--- Entries provided ---
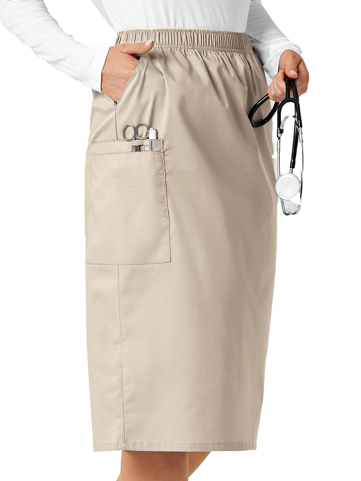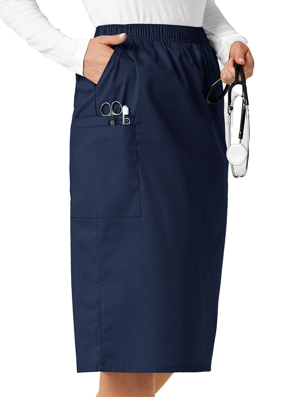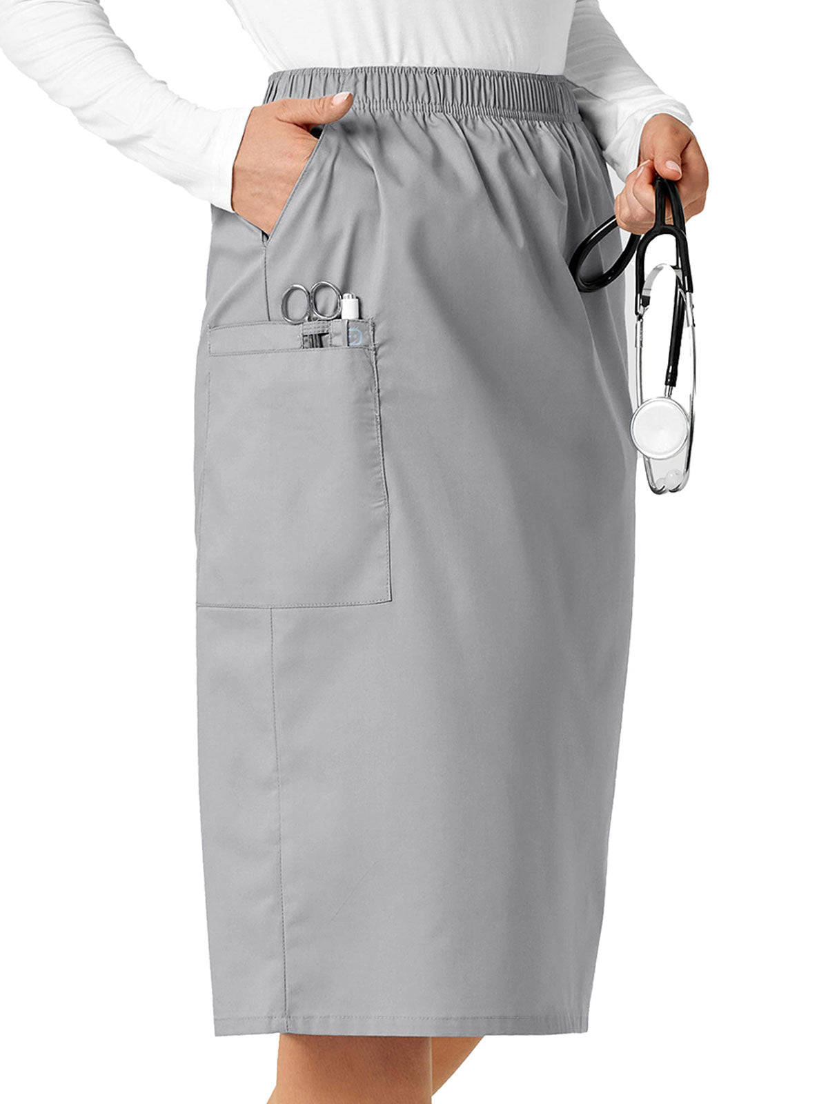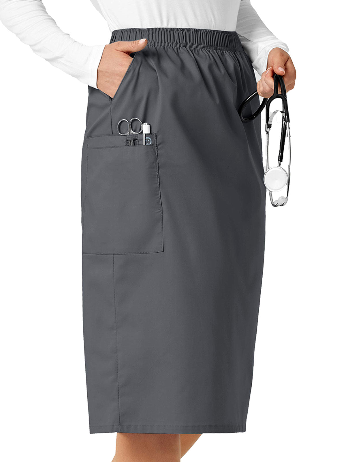 A new alternative to your scrub pants! Introducing the WonderWORK Pull on Cargo Skirt! This scrub skirt includes a full elastic waistband
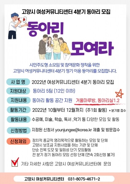 고양시민 누구나 이용할 수 있는 동아리 및 소모임 활동공간으로 회의, 토론, 수공예, 미술, 신체활동 등 다양한 활동을 할 수 있는 시설이 갖춰져 있다.
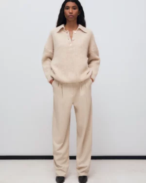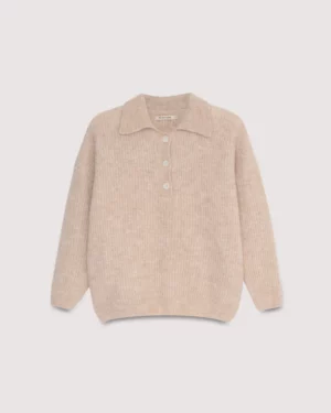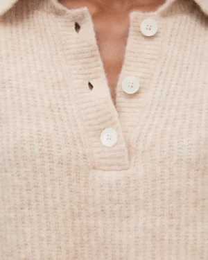Un refinado polo de punto de lana confeccionado con hilo de alta calidad, con tapeta frontal y botones a juego. Diseñado para un look clásico y elegante, con un tacto suave y cómodo, perfecto para llevar en capas o solo
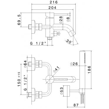 • GABOLI FRATELLI PINCO EXPONIERTE WANNENBATTERIE MIT DUPLEX HANDBRAUSE
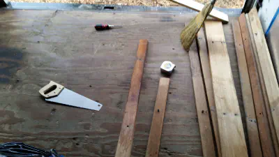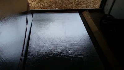 Another hysterical complication (which the borderline-prophetic Nancy had warned me about), is that every time you cut into these foam panels with a switchblade, you leave a trail of little styrofoam beads in its wake. So with each and every slice, all ~46 of them, the truck would essentially become a giant snow globe, and even the gentlest of breezes would spin a snowstorm into existence. Not wanting to litter the outside world with these onslaughts of artificial dandruff, I put a plank of wood across the entrance and swept the tiny nuisances away into a trash bag after every few cuts.
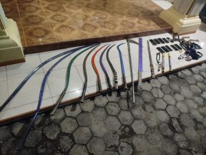 “Setiba di lokasi, anggota mendapati sekelompok anak sedang pesta minuman tuak. Setelah dilakukan pemeriksaan, ditemukan sejumlah senjata tajam yang disembunyikan di belakang rumah dan diduga akan digunakan untuk tawuran,” terang Kapolres.
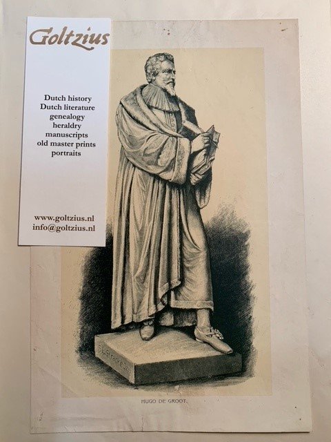 | Meer info: | Hugo de Groot, statue of Hugo de Groot by F.L. Stracke in Delft. 26x17,5cm, colour lithograph print of the statue erected in 1886 in Delft designed by F.L. Stracké jr. 19th century colour lithograph. |
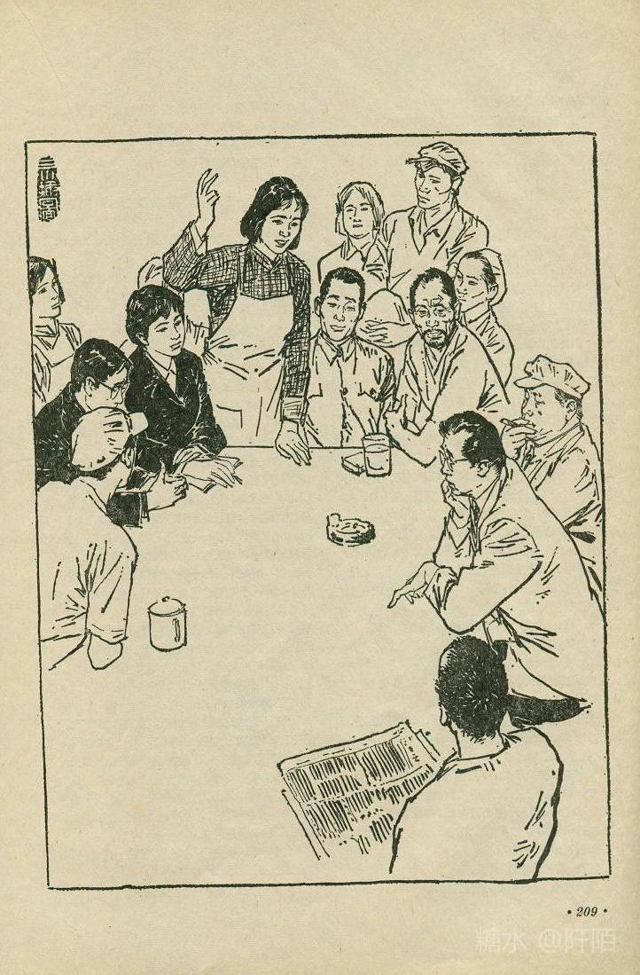 以下,华三川在文革前为《上海的早晨》创作的八幅黑白插图。
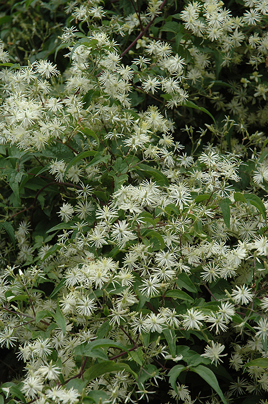 Hardiness Zone: 4 Description: Dainty, star-like creamy white flowers are sweetly scented and completely cover this vigorous vine late in the season, makes a fabulous screen; keep the roots cool for best results; can grow up to 20 feet; attractive silver seed heads Ornamental Features Sweet Autumn Clematis is smothered in stunning lightly-scented creamy white star-shaped flowers with yellow anthers at the ends of the branches from late summer to late fall. It has green deciduous foliage. The compound leaves do not develop any appreciable fall color. Landscape Attributes Sweet Autumn Clematis is a multi-stemmed deciduous woody vine with a twining and trailing habit of growth. Its average texture blends into the landscape, but can be balanced by one or two finer or coarser trees or shrubs for an effective composition. This is a high maintenance woody vine that will require regular care and upkeep, and is best pruned in late winter once the threat of extreme cold has passed. It is a good choice for attracting hummingbirds to your yard. Gardeners should be aware of the following characteristic(s) that may warrant special consideration; Sweet Autumn Clematis is recommended for the following landscape applications; Planting & Growing Sweet Autumn Clematis will grow to be about 20 feet tall at maturity, with a spread of 24 inches. As a climbing vine, it tends to be leggy near the base and should be underplanted with low-growing facer plants. It should be planted near a fence, trellis or other landscape structure where it can be trained to grow upwards on it, or allowed to trail off a retaining wall or slope. It grows at a fast rate, and under ideal conditions can be expected to live for approximately 20 years. This woody vine does best in full sun to partial shade. It does best in average to evenly moist conditions, but will not tolerate standing water. It is not particular as to soil type or pH. It is somewhat tolerant of urban pollution. Consider applying a thick mulch around the root zone over the growing season to conserve soil moisture. This species is not originally from North America. Sweet Autumn Clematis makes a fine choice for the outdoor landscape, but it is also well-suited for use in outdoor pots and containers. Because of its spreading habit of growth, it is ideally suited for use as a 'spiller' in the 'spiller-thriller-filler' container combination; plant it near the edges where it can spill gracefully over the pot. It is even sizeable enough that it can be grown alone in a suitable container. Note that when grown in a container, it may not perform exactly as indicated on the tag - this is to be expected. Also note that when growing plants in outdoor containers and baskets, they may require more frequent waterings than they would in the yard or garden.

--- Required work ---
Say again, exactly, only those lines of the records that run from the start through the line with "MIT DUPLEX HANDBRAUSE". Pictures are to be skipped.

--- Exercise answer ---
 A new alternative to your scrub pants! Introducing the WonderWORK Pull on Cargo Skirt! This scrub skirt includes a full elastic waistband
 고양시민 누구나 이용할 수 있는 동아리 및 소모임 활동공간으로 회의, 토론, 수공예, 미술, 신체활동 등 다양한 활동을 할 수 있는 시설이 갖춰져 있다.
Un refinado polo de punto de lana confeccionado con hilo de alta calidad, con tapeta frontal y botones a juego. Diseñado para un look clásico y elegante, con un tacto suave y cómodo, perfecto para llevar en capas o solo
 • GABOLI FRATELLI PINCO EXPONIERTE WANNENBATTERIE MIT DUPLEX HANDBRAUSE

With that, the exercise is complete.